Belinda menoleh dengan senyum hangat. "Selamat pagi, sayang. Mama menyiapkan sarapan dan bekal untukmu. Mulai hari ini, Mama sudah berhenti bekerja. Sekarang Mama bisa fokus mengurus rumah dan kalian."
Ortiz tercengang, sulit baginya untuk mencerna kata-kata ibunya. "Mama berhenti bekerja? Kenapa mendadak sekali? Mama kan suka dengan pekerjaan Mama."
Belinda meletakkan sendok yang sedang dipegangnya, mendekati Ortiz, dan mengusap lembut pipi putranya. "Iya, tapi Mama merasa sudah waktunya untuk lebih fokus pada keluarga. Kalian sudah besar, tapi tetap saja, Mama ingin lebih banyak waktu bersama kalian sebelum kalian benar-benar mandiri. Selama ini, Mama sering merasa terlalu sibuk dan mengabaikan momen-momen berharga dengan kalian."
Ortiz merasakan kehangatan meresap di dadanya. Perasaan bahagia itu sulit dijelaskan dengan kata-kata. "Aku senang, Ma. Senang sekali Mama ada di rumah sekarang."
Saat mereka sedang menikmati sarapan yang tak terduga ini, suara ceria Krisan terdengar dari ruang tamu. "Pagi semuanya!" Krisan masuk ke ruang makan dengan wajah sumringah, membawa secercah keceriaan ke dalam suasana yang sudah hangat itu. "Papa mengundang kita semua untuk makan malam besok lusa. Ini acara keluarga, tapi Papa bilang kita boleh mengajak teman atau kerabat kalau mau."
Belinda menghentikan gerakannya sejenak, terlihat sedikit terkejut. "Makan malam? Hari Sabtu? Tapi ini terlalu mendadak. Kenapa Papa tidak bilang dari kemarin-kemarin?"
Krisan tersenyum sambil mengambil sepotong roti dari meja. "Katanya ini semacam kejutan. Sepertinya ada sesuatu yang ingin disampaikan Papa. Tapi tenang saja, Ma. Aku yakin kita bisa menyiapkan semuanya."

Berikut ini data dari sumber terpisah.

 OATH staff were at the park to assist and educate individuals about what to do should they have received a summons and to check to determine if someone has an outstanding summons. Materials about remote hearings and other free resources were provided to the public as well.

Ortiz hanya tersenyum kecil sambil melanjutkan sarapannya. Namun di balik senyumnya, ada rasa penasaran yang mulai mengusik. Acara makan malam mendadak ini terasa agak aneh baginya. Tapi lebih dari itu, ada sesuatu dalam nada bicara Krisan yang membuat Ortiz merasa ada hal lain yang lebih penting. Krisan memang tampak ceria, tapi Ortiz bisa menangkap sesuatu yang tersembunyi di balik keceriaan itu.
"Dan, ada satu lagi," lanjut Krisan sambil memandangi Ortiz dengan tatapan serius. "Aku juga punya sesuatu yang ingin aku umumkan."

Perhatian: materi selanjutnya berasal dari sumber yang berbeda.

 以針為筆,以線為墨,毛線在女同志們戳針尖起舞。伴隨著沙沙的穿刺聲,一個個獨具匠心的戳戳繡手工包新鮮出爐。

Ortiz merasa jantungnya berdetak lebih cepat. "Apa? Apa yang ingin Kak Kris umumkan?"
Krisan hanya tersenyum penuh rahasia, menghindari pertanyaan itu dengan anggun. "Tunggu saja. Akan lebih seru kalau disampaikan di depan semua orang."

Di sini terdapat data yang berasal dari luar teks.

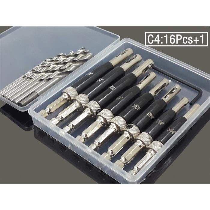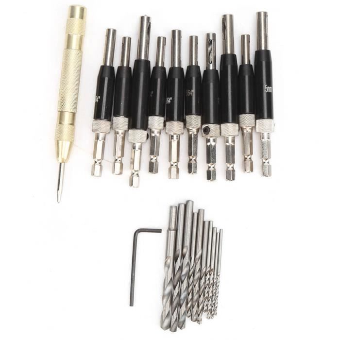General Tools Le lot de 2 forets à charnière à centrage automatique 290ST dispose de deux forets auto-centrants robustes, de 1,2 cm., et 9/64. GENERAL TOOLS: Nous sommes un leader reconnu dans la conception et le développement d'outils de précision spécialisés dédiés à fournir un service client exceptionnel. KIT DE FORETS de centrage de charnière d'armoire efficace 7 pièces outils de c EUR 28,58 Facile à utiliser et à installer, changement rapide des embouts, chargement et déverrouillage d'une seule main. [Multifonctionnel] Applicable aux meubles... Deux tailles d'embouts : l'embout de 7/64 est compatible avec les tailles de vis n° 5 et non., 6., L'embout de 9/64 est compatible avec les tailles de vis n° 8 et non., 10 Ensemble De Forets à Charnière Auto-centrage Amélioré 5/64", 7/64 Créez des trous de pilote parfaits : deux embouts robustes créent des trous pilotes dans les charnières d'armoire et de porte Réglable et durable : profondeur de perçage réglable et construction en acier rapide Design auto-centrant : ressort à ressort, guide extérieur maintient la perceuse à grande vitesse centrée Matériau : fabriqué en acier au carbone, le foret auto-centrant pour charnières a une dureté élevée assurant durabilité et longévité, résiste également à l...

Pikiran Ortiz berputar cepat. Apa yang akan Krisan umumkan? Apakah Krisan akan mengungkapkan jati dirinya yang sebenarnya, sama seperti yang sudah Ortiz lakukan kemarin? Rasa cemas mulai menjalari hati Ortiz. Dia tahu betapa sulitnya membuat pengakuan itu, dan dia juga tahu Krisan bukanlah orang yang mudah terbuka tentang hal-hal pribadi. Tapi jika memang itu yang akan diumumkan, apakah Ortiz siap mendengarnya? Dia sendiri baru saja memiliki keberanian untuk mengakui siapa dirinya, dan sekarang harus berhadapan dengan kemungkinan bahwa kakaknya mungkin berada dalam situasi yang sama.
Ortiz merasa kebingungan bercampur dengan rasa takut. Dia ingin Krisan jujur, ingin Krisan menemukan kebebasan yang sama seperti yang ia rasakan setelah pengakuannya. Namun, di sisi lain, dia juga tidak siap jika kenyataan itu berarti Krisan bukanlah orang yang ia harapkan. Bagaimana jika Krisan sebenarnya tidak benar-benar sama sepertinya? Bagaimana jika perasaan yang selama ini ia pendam untuk kakaknya bertepuk sebelah tangan? Bagaimana jika ada orang lain yang diam-diam Krisan sembunyikan dari Ortiz?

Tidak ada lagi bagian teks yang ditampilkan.